Friday, July 1, 2011

It’s Time to Celebrate Me

As women, we feel we have to be accessible to our loved ones 24/7.  Like a minuteman of the American Revolution, we are poised and ready to fix, find, take, make, or do whatever is needed to resolve any crisis, big or small. 
‘Mom, where are my pants?’  ‘Honey, can you fix this button?’  ‘I need this, now?’  ‘ I forgot to tell you, I have to be there by 2.’
We’re pushed and pulled like taffy on a table.  Stretch, fold, then turn and repeat.
At what point do we say  ‘No!’ ?  ‘My needs must be met, too.  My time is of value, and so am I.’ ‘ It’s my turn to have this found, that fixed, a favorite meal, and a big surprise.’  I am not selfish for wanting this.  I am human.  And, I have needs, too.

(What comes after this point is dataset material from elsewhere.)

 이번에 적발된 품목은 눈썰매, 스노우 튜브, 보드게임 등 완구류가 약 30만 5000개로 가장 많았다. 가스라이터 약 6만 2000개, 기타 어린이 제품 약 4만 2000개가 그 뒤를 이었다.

Some of us are smarter than others, having learned balance and boundaries at a very young age.
Others may allow themselves Mother’s Day, if there are children involved.  I didn’t have the skills necessary to carry off either of these.  I gave my family  ‘a pass’ even on Mother’s Day and my birthday.  I didn’t want them to be inconvenienced or to go to any trouble. I didn’t want them to spend their valuable money on me, when it could be better spent on themselves.

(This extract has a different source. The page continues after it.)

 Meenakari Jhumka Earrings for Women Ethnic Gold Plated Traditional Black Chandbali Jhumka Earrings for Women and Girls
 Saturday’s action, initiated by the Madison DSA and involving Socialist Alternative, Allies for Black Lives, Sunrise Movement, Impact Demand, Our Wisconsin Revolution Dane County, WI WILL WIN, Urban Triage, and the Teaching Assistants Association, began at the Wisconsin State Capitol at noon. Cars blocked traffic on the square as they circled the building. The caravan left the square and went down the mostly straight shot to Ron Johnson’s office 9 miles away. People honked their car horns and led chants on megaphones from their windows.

What a goof I was!  I really missed the whole point.  Now that I have blossomed into a bodacious, bold woman I demand that they treat me like a queen (or maybe a minor princess, or a lady -in-waiting...what do you want?  I’m new at this).  But, more important, I demand to be treated like a queen by me.  I Am royalty to this family.  I protected them, and their ‘land’ like any good sovereign should.  I saw that their lives were full, rewarding and safe.  I created Super Kid Day, celebrated half birthdays, and invented Sundae Sunday - a holiday in July with a gaudy tree, small gifts, and ice cream as the only dish for dinner.

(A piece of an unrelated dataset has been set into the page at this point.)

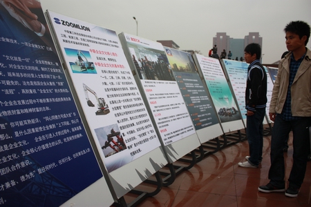 学生在企业文化展板前了解企业文化,挑选适合自己的用人单位

I did it all for them so that they would feel honored, acknowledged and ever sooo special.  I created a childhood filled with demonstrations of how fantastically important they were to me.  And, I’d do it all again, in a heartbeat, if I could.  I taught them that they were loved and respected, not because of the gifts ( because there were never very many) but through my thoughts, words and deeds.
What I forgot to teach them, because I didn’t feel worthy, is that I am important, too.  I failed to provide them with the most basic fundamentals of honoring an individual. The value of self love and self worth.  I rarely demonstrated that my needs were important, or demanded that I be put first.  I never said  ‘I have to be here.’  ‘I need to go now.’ ‘ I’ll help you when I’m done.’  I failed to show them that if you can’t love and honor yourself, all the gifts and cake in the world just becomes stuff.
I realize now that I deserve to have a day in honor of my devotion and valuable years of service.  I deserve to carve out special time just for me, that includes bubble bathes, candlelight, a juicy book and chocolate cake.  I can put myself first every now and then because it’s healthy and right for all concerned.  
I don’t have to wait for Mother’s Day, or my birthday.  I can celebrate ME every damn day of my life.  I can love myself this morning, at lunch, and twice before bed!  I can honor my beauty, creativity, sensitivity, and kind heart.
No one will know how special I am, until I show them by honoring myself.  I am my biggest fan.  And, that’s as it should be.  In fact, I’m feeling a party coming on, right now.   It must be time to celebrate me, again.